To set up a cluster, you will need to import a Flight Solo image.

  1. Go to the Microsoft Azure portal.

  2. Go to Virtual Machines, and click "Create".

  3. Select "Azure virtual machine", which will load this page:

  4. On the Basics page:

    1. Set Subscription to your subscription type.
    2. Set Resource Group to your desired resource group (where the vm will be kept after creation).
    3. Set Virtual machine name to any suitable name. (- does not work in a name)
    4. Set Image to the imported Flight Solo Image.
      1. It may be necessary to open the drop-down and/or see all images in order to find the imported image.
      2. Scroll down to see more options
    5. Set Size to your choice of size.
    6. Set Authentication type to SSH public key
    7. Set Username to any suitable username.
    8. Set SSH public key source to the most suitable option, but remember what key was used if creating compute nodes later.
    9. Fill in the Key pair name/Stored key/Use existing key as appropriate to the chosen public key source.
    10. Allow traffic to selected ports, and select SSH(22), HTTP(80) and HTTPS(443) as the allowed ports.
    11. Set the most appropriate license type.
  5. Continuing on to the next page, Disks, all necessary details should already be filled out, so this page can be skipped (unless you know what you want to change). However, it is recommended to select Delete with VM.

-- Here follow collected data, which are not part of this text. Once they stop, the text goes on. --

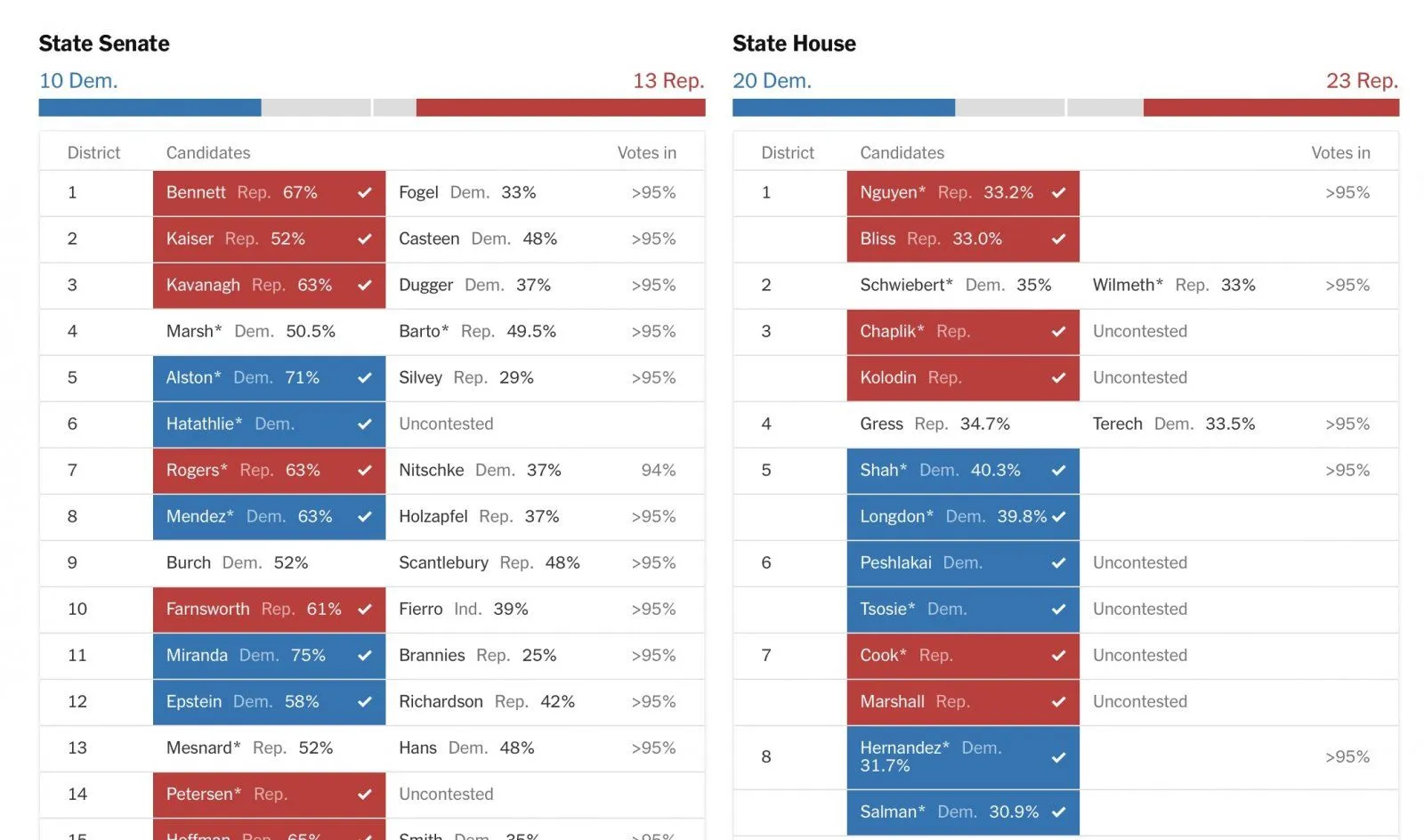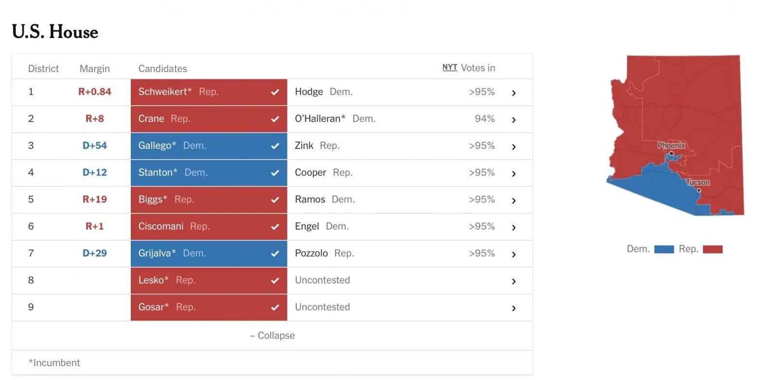 Yes, the Dems stole the statewide elections through fraud again. They control the elections and can easily bring in boxes of mail in ballots all filled out for the big races, Gov, Senate, Sec of State. They can do that by cheating the Maricopa and Pima counties. They can’t steal the rest.Lose gov office. Lose senate seat. Lose 40% of the house seats. Lose 47% of the state legislative seats.
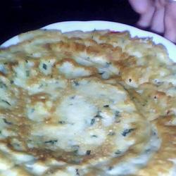 3. Add the chopped leeks and stir to make it as thin as possible and mix well to form a thick paste.The shape is usually sticky but it doesn’t matter
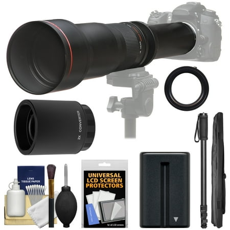 Vivitar 650 1300mm F 8 16 Telephoto Lens With 2x Teleconverter 2600mm Np Fm500h Battery Monopod Kit For Sony Alpha A58 A65 A77 Ii A99 Camera
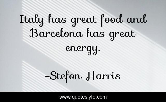 This page presents the quote "Italy has great food and Barcelona has great energy.". Author of this quote is Stefon Harris. This quote is about great, italy, energy,.
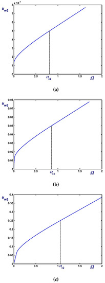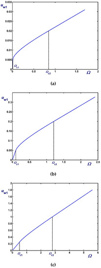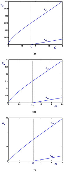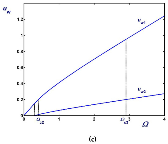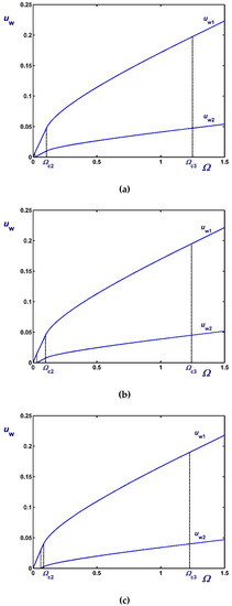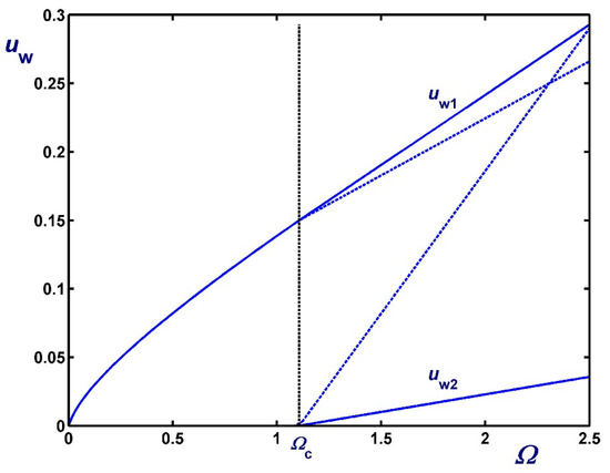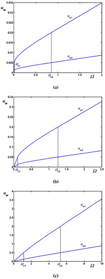 In the special case where , the two critical angular velocities and coincide. Indeed, substituting to Equations (65), (66), (81) and (82) yields

  6. Go on to the networking tab and fill out the necessary options.

    1. Set Virtual Network or create a new one by pressing "Create new" and setting a name. Remember what this is for if you create compute nodes.
    2. Set Subnet to one of the options in the drop-down menu, if it isn't already set. Remember what this is for if you create compute nodes.
    3. Set Public IP to an existing public IP or create a new one by pressing "Create new" and setting a name.
    4. Set NIC network security group to "Advanced", and press "Create new" to create a new security group.
      1. Click on "Add an inbound rule" to open the inbound rule creator
      2. Create rules to allow HTTP, HTTPS and SSH traffic from your IP address to the security group.
      3. When complete, press "OK" at the bottom left of the screen to return to image creation.
  7. The Management, Monitoring and Tags tabs have more options that aren't necessary for setup. Skip to the tab Advanced

  8. In the Custom data and cloud init section, there is a text box. This is where your user data can be specified

  9. Azure will take some time to review your settings. If there are no issues click "Create" to finish creation.

Launch Compute Nodes

Prepare User Data

Setting up compute nodes is done slightly differently than a login node. The basic steps are the same except subnets, networks and security groups need to match the ones used for the login node.

This is the smallest amount of cloud init data necessary. It allows the login node to find the compute nodes as long as they are on the same network, and ssh into them from the root user (which is necessary for setup).

#cloud-config
users:
  - default
  - name: root
    ssh_authorized_keys:
      - <Content of ~/.ssh/id_alcescluster.pub from root user on login node>

Tip

The above is not required if the SHAREPUBKEY option was provided to the login node. If this was the case then the SERVER option provided to the compute node will be enough to enable root access from the login node.

There are several options that can be added to change how a compute node will contact nodes on startup.

  • Sending to a specific server:
    • Instead of broadcasting across a range, add the line SERVER=<private server IP> to send to specifically that node, which would be your login node.
  • Add an auth key:
    • Add the line AUTH_KEY=<string>. This means that the compute node will send it's flight hunter packet with this key. This must match the auth key provided to your login node
An example of all mentioned lines in a single cloud init script.
#cloud-config
write_files:
  - content: |
      SERVER=10.10.0.1
      AUTH_KEY=banana
    path: /opt/flight/cloudinit.in
    permissions: '0600'
    owner: root:root
users:
  - default
  - name: root
    ssh_authorized_keys:
      - <Content of ~/.ssh/id_alcescluster.pub from root user on login node>

Info

More information on available user data options for Flight Solo via the user data documentation

Deploy

  1. Go to the Microsoft Azure portal.

  2. Go to Virtual Machines, and click "Create".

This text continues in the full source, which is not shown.